Бертель подал. Молча. Смотрел на неё с мрачным изумлением.

– Жди меня здесь, Бертель.

Она спустилась в свою комнату, достала заветную шкатулку, тонко и пряно пахнущую нездешними травами. Целема… ещё есть… ещё хватит.

Вернулась в зал. Её уже ждали. Расстелила, не глядя, на краю стола подорожную и припала к развернутой карте.

Как воочию видела она эти синие бескрайние травяные моря ночного Рохана… студеные туманы Сирых Гор… иззубренные овраги Черноречья… Её пальцы ощупывали бумажные лиги как живую плоть земли, исхоженной ею, любимой, выстраданной и политой кровью за годы Войны.

– Госпожа, в подорожной этого нет! – резко произнес Бертель, видя, куда обращен её взор.

Отступил на шаг от стола и поднял к поясу руку.

Она медленно оторвалась от карты. Их глаза встретились.

Теперь рука Бертеля открыто легла на рукоять кинжала.

Вирэт выпрямилась.

– Ты ведь знаешь, кто я, Бертель, не так ли? – спокойно и твердо выговорила она. – И не великая тайна, что если бы мы с тобой встретились на поле боя, то наверняка по разные стороны. Противниками. Но не врагами. А сейчас мы и не противники. И чтобы спасти его – я должна пронестись стрелой и над арнорскими, и над беорнскими, и над олвэнскими частям… сквозь скалы и воды. Ведь две недели – это очень долго, Бертель! Тирион сделал всё, что смог, пробив эту подорожную. Но в отчаянии он не напрасно. Не протянет столько Санделло… Я пойду своими путями. И если он доживет до конца недели – я смогу его спасти. Решай!

Бертель отвел глаза. Лицо его исказилось. Он помедлил… Потом опустил руку и – отвернулся.

– Делай, как знаешь, госпожа, – глухо выдохнул он.

Она стиснула кулаки. И жестко сказала его спине:

– Мне нужна твоя помощь, Бертель! Мне нужно, чтобы ты верил мне! И чтобы твои люди верили мне! Ты ведь знаешь, что это такое – путь до Арнора напрямик! Не везде прикроет подорожная! Не всегда узнают в лицо друзья! И я не знаю, дойду ли я вообще живьем до Арнора! Но если дойду за неделю – Санделло будет жить! Это всё, за что я ручаюсь!
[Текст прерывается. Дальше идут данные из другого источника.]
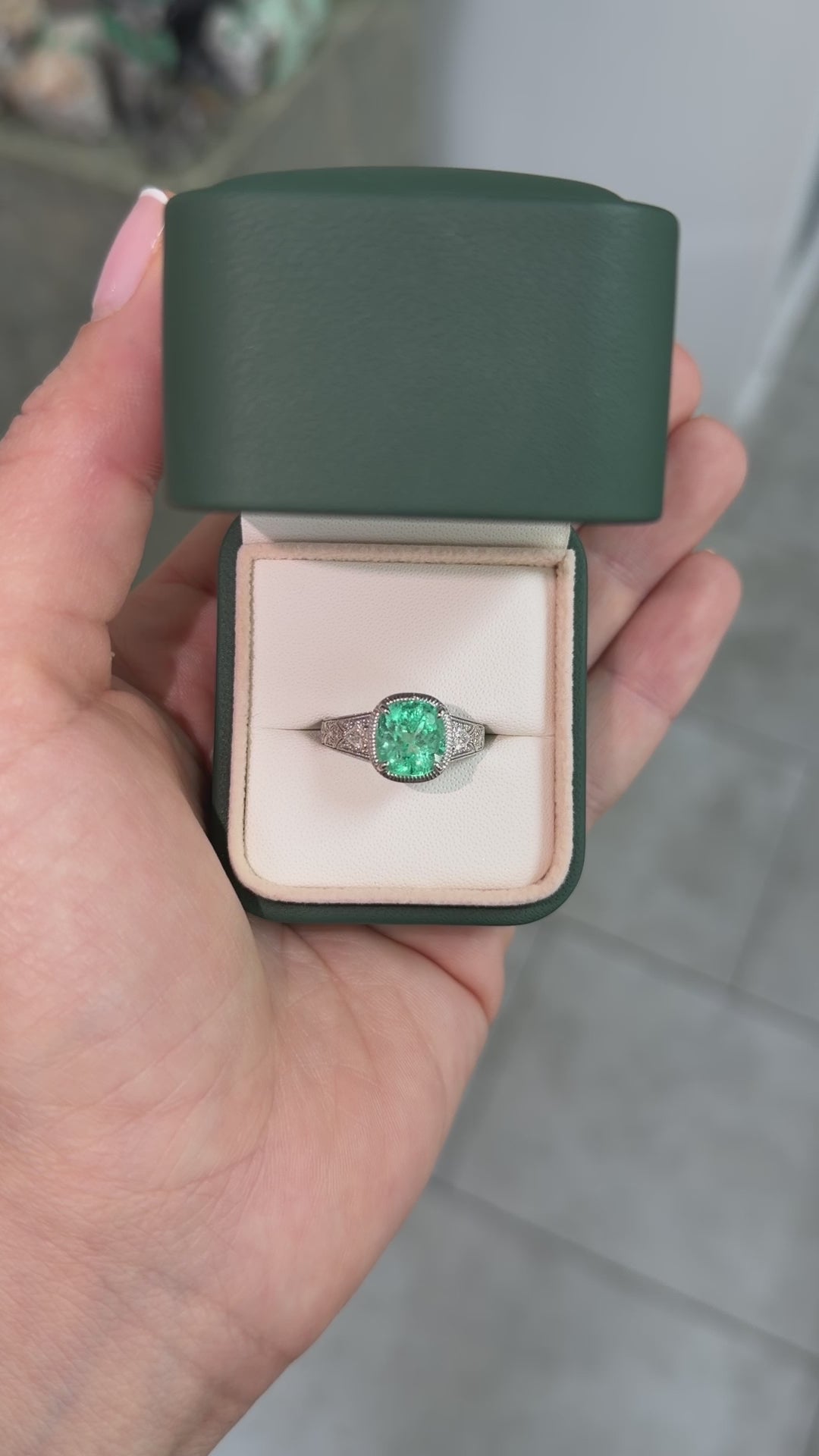 D.C Platinum 3.34 Carat 9.5x9 Cushion Emerald & Diamond Ring

Бертель развернулся. По лицу огромного воина струились слезы. Он внезапно положил на её плечи тяжелые руки и горячо сжал их.

– Кем бы ты ни была - арнорским сотником, эльфийским разведчиком… но если ты спасешь его – я буду твоим рабом до конца дней! Он вытащил меня из-под Гунабада, изрубленного, конченного… Меня бы тогда только добить, чтобы не мучился, а он вытащил, вылечил, привез в Дэйл… дал цель и смысл жить…

– Я знаю, Бертель. Вы стояли тогда трое суток насмерть против четырех сотен роханских копейщиков. И ты прикрывал его собой.

– Он… рассказывал?!.

– Нет. Но я была тогда там. Под Гунабадом. Вы хорошо стояли. Потому конунг и велел вас выпустить. Тех, кто остался на третьи сутки.

– Как тесен мир… – медленно произнес наконец Бертель. – Что нужно тебе в дорогу?

– Две запасные лошади. Под седло – Таура. Сухарей и бекона дней на десять. Лошадям – рокенские попоны. Всё.

– Сколько людей?

– В запасные поставь хотя бы одного хазского коня, повыносливей. Тонга или Алара.

– Я спрашиваю – сколько возьмешь бойцов в сопровождение?

Долгую минуту она молча смотрела ему в глаза.

– Бертель… я ведь не смогу подбирать раненых… ты понимаешь это?..

– Одну я тебя не отпущу.

– Да уж поняла…

– Ты не поняла. Никто не будет стрелять тебе в спину, если ты внезапно засвистишь по-эльфийски или нырнешь в Фангорн.

– Ты всё-таки веришь мне? Даже после того, что я рассказала про Гунабад?

– Именно потому, что ты про него рассказала. В Дэйле умеют ценить благородство противников не хуже конунга из Рохана.

* * *

… Санделло очнулся в тот день, когда внезапно сдала свои позиции затяжная февральская метель, и первые звонкие капли зашлепали по оконным карнизам. Вирэт, у которой в голове давно уже путались дни и ночи, в те минуты стояла в полосе белесых солнечных лучей, сочно бьющих в окно из прорехи в разошедшихся тучах, и жадно ловила пересохшими губами свежий ветер с юга.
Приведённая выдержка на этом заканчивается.